How Do You Say Goodbye: Conference Version



How Do You Say Goodbye was a post originally published in 2014 (and is available on the Kindle book). It told the story of my raw reaction to the death of a beloved resident and it was also one the posts selected for the CNA Edge Opening Planery speech at Pioneer Network. As I work on memorizing and reading aloud this free-form poem, I realized two things.

1) It is probably one of my favorite pieces of  my own writing ever.

2) The version in CNA Edge: Reflections from Year One was not reading-friendly.

It was literally written on a paper towel, and the physical dimensions of the paper towel limited the number of stanzas and the lengths of each individual line. As I read it aloud, it just didn’t flow right or lend itself to patterns of speaking. I’ve always been a writer, not a speaker, so all this was a bit of a shock to me. I didn’t want to rework the poem, but I also wanted to do it justice.

So I reworked it. What follows is the version of the poem as I read it at Pioneer Networks Opening Planery earlier today…and can I just say, what an amazing experience that was! Thank you to all who were involved in inviting us, working with us and encouraging us to share our message on a new platform. You guys rock!


The hardest part about this job is losing a resident. It hurts…but you have to keep moving. And while you never really get used to it, you do learn how to handle the death of someone you’ve cared for. Writing is how I cope, putting words on paper is how I make sense of the madness and pain in my world. One time, right after the funeral home had taken the body, I just couldn’t wait. I grabbed a paper napkin out of her bathroom and jotted down what became this poem. It’s rough, but that’s alright. Raw was how I felt when I wrote this. Raw is how I feel when I remember.

A last kiss on your forehead
Still warm to the touch
But soon you’ll be cold
A last whispered “I love you”
Because it’s not just money
That is luring me here.

How do you say goodbye?
You were dying when I met you
They called it “going downhill”
Every day just a little worse
And now you’re dying no more
But how do I say goodbye?

Sponge down your body,
You shouldn’t be so still.
Wash and fold your hands
New sheets for the bed
I can’t say I’m sorry
You’re not in pain anymore

A last touch, then I’m done
And move on to the living
I can’t help you anymore.
I’ve seven other people
Who still need me today;
You’re gone and I can’t cry.

Then tomorrow is here
And you’re still gone.
A new face in your bed,
New stories to learn,
I have to keep working
And so I move on.

It’s a year down the road
And your face is fading.
I guess I’ve said goodbye.
But I sit down and cry,
Because I can’t recall
How I made your coffee.

How do you remember
Everyone you’ve ever lost?
Every quirk, every smile,
All the tears cried together.
Please, can you tell me,
How do I say goodbye?

6 thoughts on “How Do You Say Goodbye: Conference Version

  1. aortigarA

    Dear May,
    thank you for sharing this updated version of this poem, and for speaking today at the Pioneer Network Conference. You and Alice and Yang were the voice that resonated throughout that hall, challenging and inspiring me to go forward even more purposely in this movement of change. Thank you! Truly, you all really rocked!!
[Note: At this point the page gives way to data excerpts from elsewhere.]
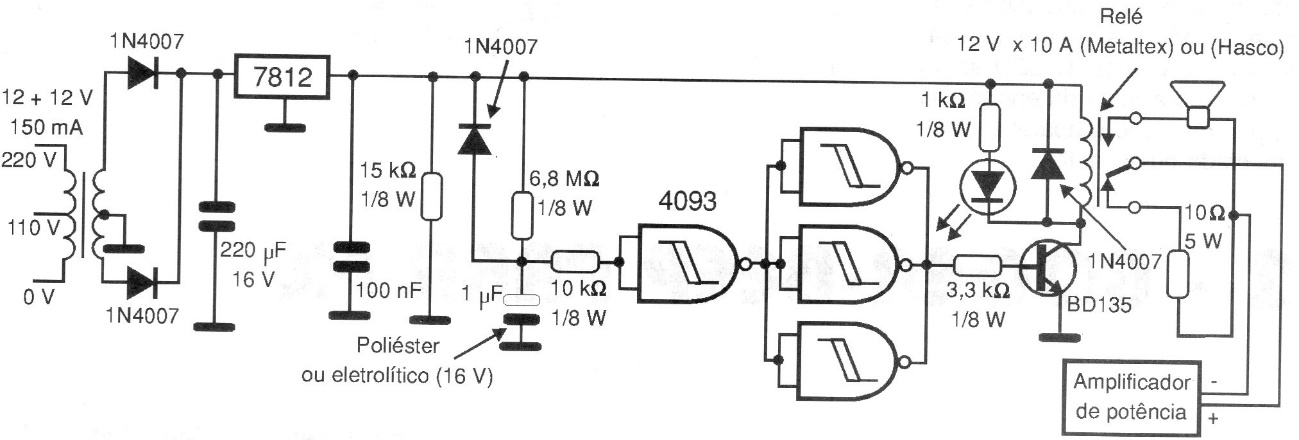 This circuit, found in a 1999 documentation, prevents the speaker from being connected as soon as the amplifier is turned on, thus avoiding current spikes that could damage it. The delay is given by the 1 uF capacitor. The relay must have contacts according to the peak current of the amplifier, normally in the order of 10 A.
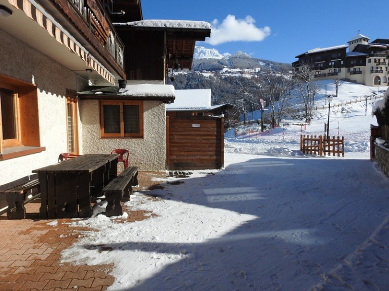 INVIERNO: la terraza se limpia de nieve y dejamos una zona cubierta de nieve para que los niños puedan revolcarse en ella y hacer muñecos de nieve.
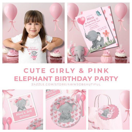 Cute Girly and Pink Elephant Birthday Partyデザイン: Amazing Beautiful Creative Designs
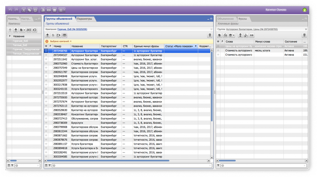 - Система исключает пересечение ключевых слов в одной или нескольких кампаниях.
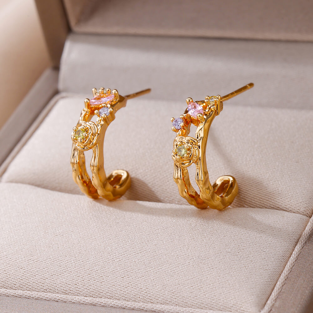 These Stainless Steel Flower Stud Earrings are more than just a pair of earrings—they’re a statement piece. Their colorful zircon stones add the perfect amount of sparkle, making them stand out in a subtle yet sophisticated way. The gold-plated finish ensures that they remain shiny and eye-catching for long periods, without fading. Made from high-quality stainless steel, these earrings are not only beautiful but also built to last, making them an excellent investment for your jewelry collection.
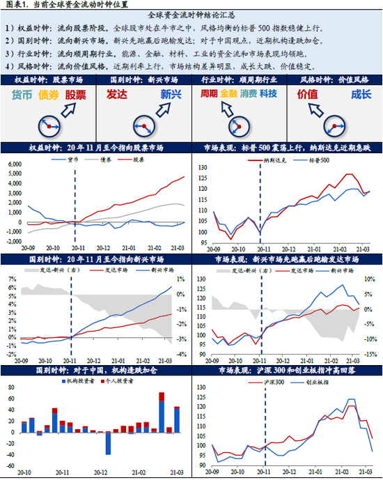 本轮全球资金流动时钟:新兴市场、顺周期行业、价值风格的股票
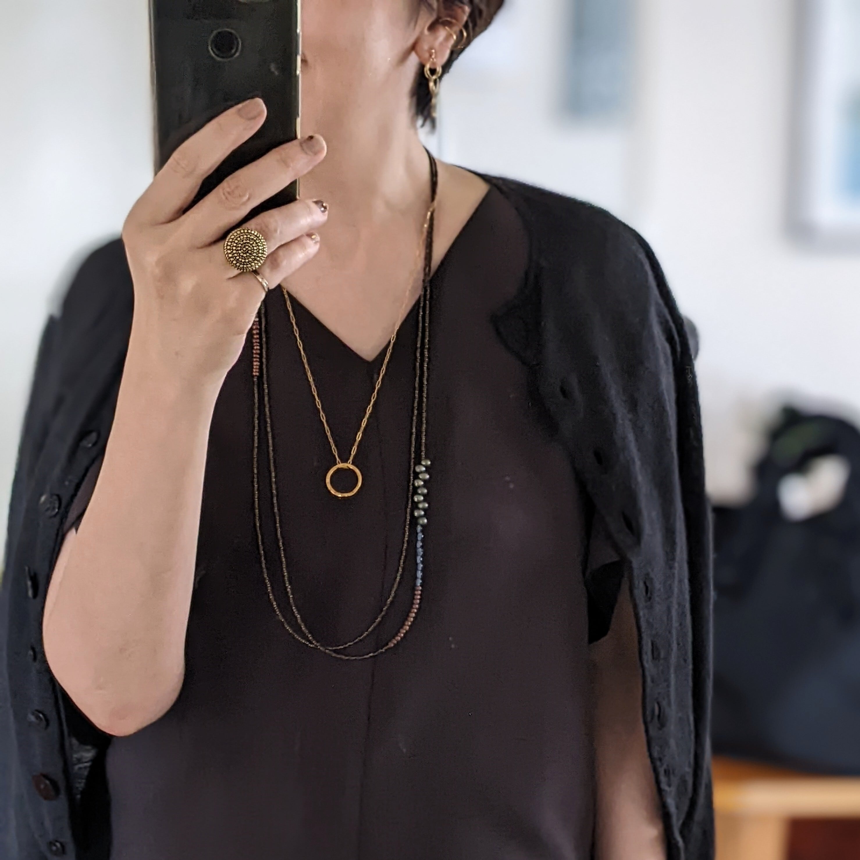 晩夏の始まりに纏う秋色グラデーション。まだ夏素材の洋服の軽やかさに調和する繊細さとさりげない存在感が印象的な2連のロングネックレスです。
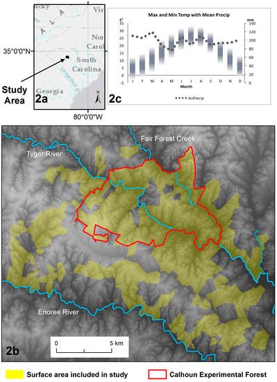 This investigation was conducted as part of the Calhoun Critical Zone Observatory (CCZO) project, a US NSF Division of Earth Sciences initiative to bring together a wide range of sciences on particular landscapes. The CCZO is an interdisciplinary research field site located on the Calhoun Experimental Forest, itself part of the Sumter National Forest, located in Union County, South Carolina (a 1336 km2 administrative unit). Our study area (roughly, 34°36′40″ N, 81°42′50″ W) encompasses the Calhoun Experimental Forest’s 2057 ha and adds an adjacent 14,143 ha of the surrounding Sumter National Forest for a total surface area of 16,200 ha (Figure 2). The study area is located in the Piedmont plateau physiographic region, bounded by the Appalachian Mountains to the west and the Atlantic Coastal Plain to the east. Topographically the study area is characterized by broad uplands at about 205 m above mean sea level (amsl) that drop steeply down slope into bottomland flood plains at about 95 m a.m.s.l. Current land cover is dominated by forests composed mainly of mixed pine-hardwoods and pine stands both planted and naturally regenerated. The area receives about 1180 mm of precipitation per year and temperatures typically range between −2.4 °C, (average minimum temperature for the coldest month) and 33.1 °C (average maximum temperature for the warmest month).
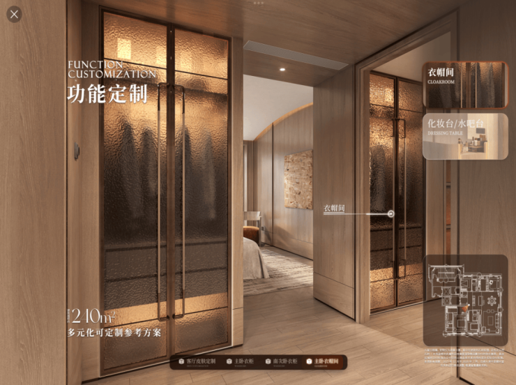 甚至还有功能定制,以240㎡主卧衣帽间为例,提供 整体收纳、化妆台、水吧台 等多种布局,精准贴合个人生活习惯。
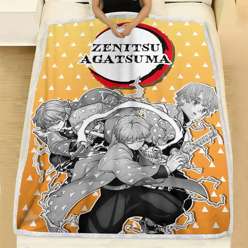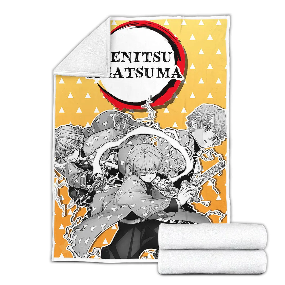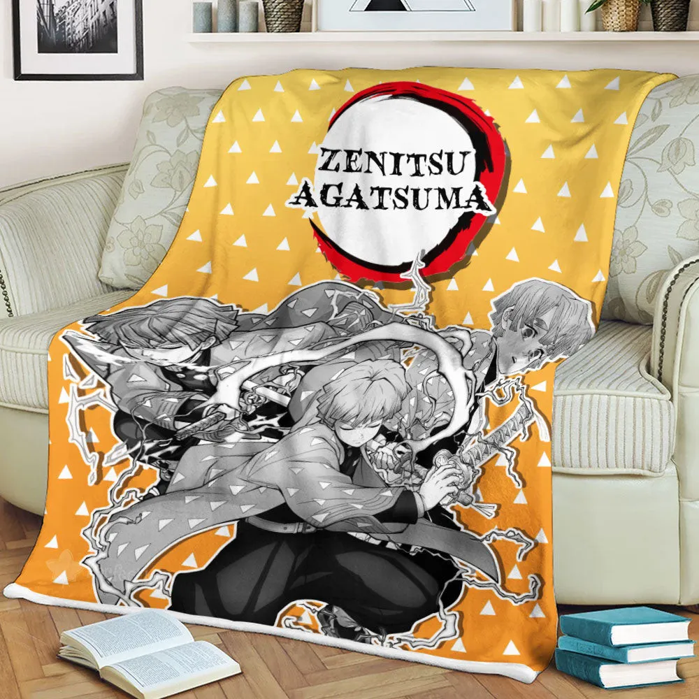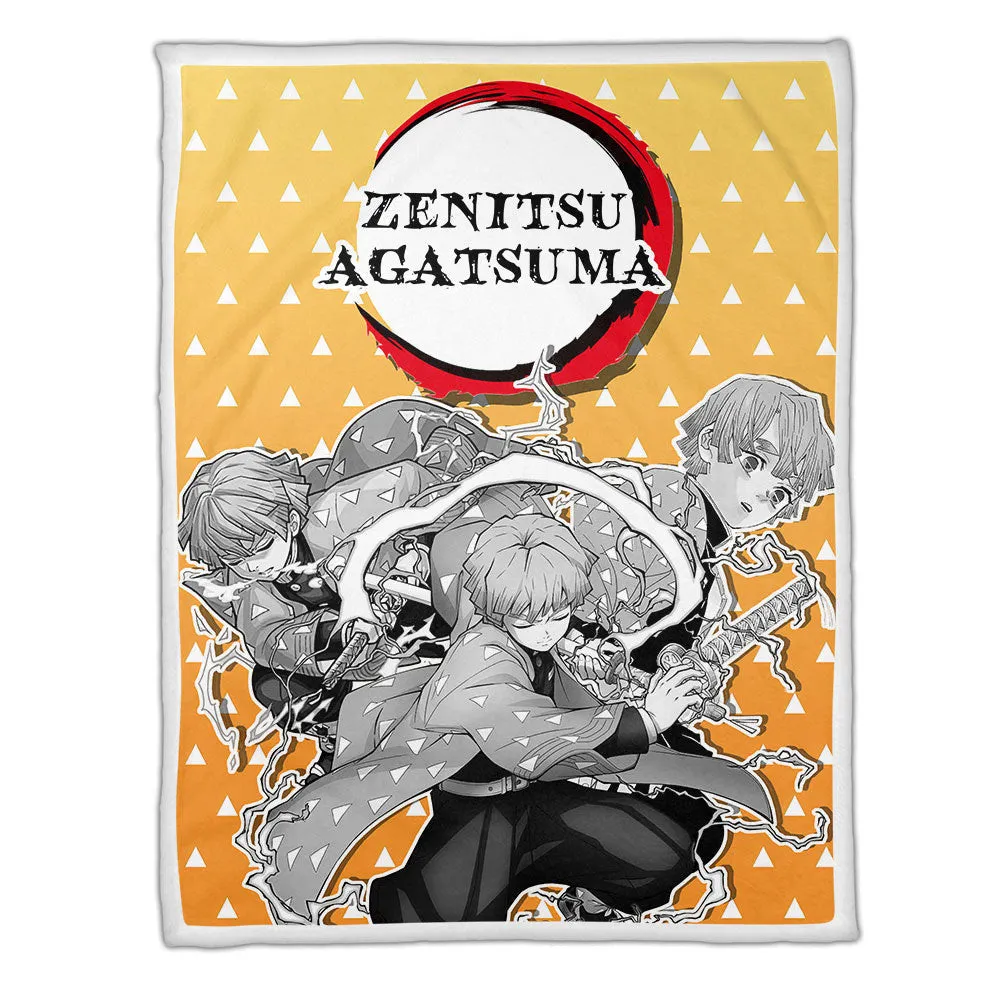 Zenitsu Fleece Blanket Custom Demon Slayer Anime Uniform Costume Mix Manga Style

  2. Eileen Bennett, Montgomery County MD LTC Ombudsman

    It was so wonderful to meet you in person, spend time with you during the conference both as an audience member and participant in the sessions, and share a cab ride to the airport. Your passion, enthusiasm, and moral convictions surround your very being and I am so honored to have basked in that array of shine. Keep your thoughts flowing out loud as an inspiration for your own journey, but also to enlighten those of us who may need some reminding along the way. I hope our paths will cross again soon.

  3. freeflower19632014

    I did not attend the conference, I am reading this from Colorado Springs, CO. I am a CNA of 3 years who only 5 months ago came to LTC. The absolute hardest thing I have to do is say goodbye to my residents who have passed. Since I have been here, I have lost close to 10 residents. I am sad and afterwards I shut down and tell myself I will not get close to my residents anymore. I love your poem, thank you.

    1. May Post author

      Ellen, sometimes I’m astonished how so many unique individuals experience the same thing in such a similar way. You’re right: this is the part that sucks.
      Being willing to accept the pain that comes from caring is such an underrated act of courage. Sometimes I feel like I’m volunteering to have my heart scrapped against a cheese-grater. Sometimes I wonder if I’m crazy for doing it time after time. But every time I wouldn’t trade the love for all the pain.
      It’s so hard, to fight against your natural reaction to protect yourself by shutting down and not getting attached. But it’s the bravest thing anyone can do. At least, that’s what I keep telling myself!
      Thank you for reading and commenting and caring! I know your folks appreciate it!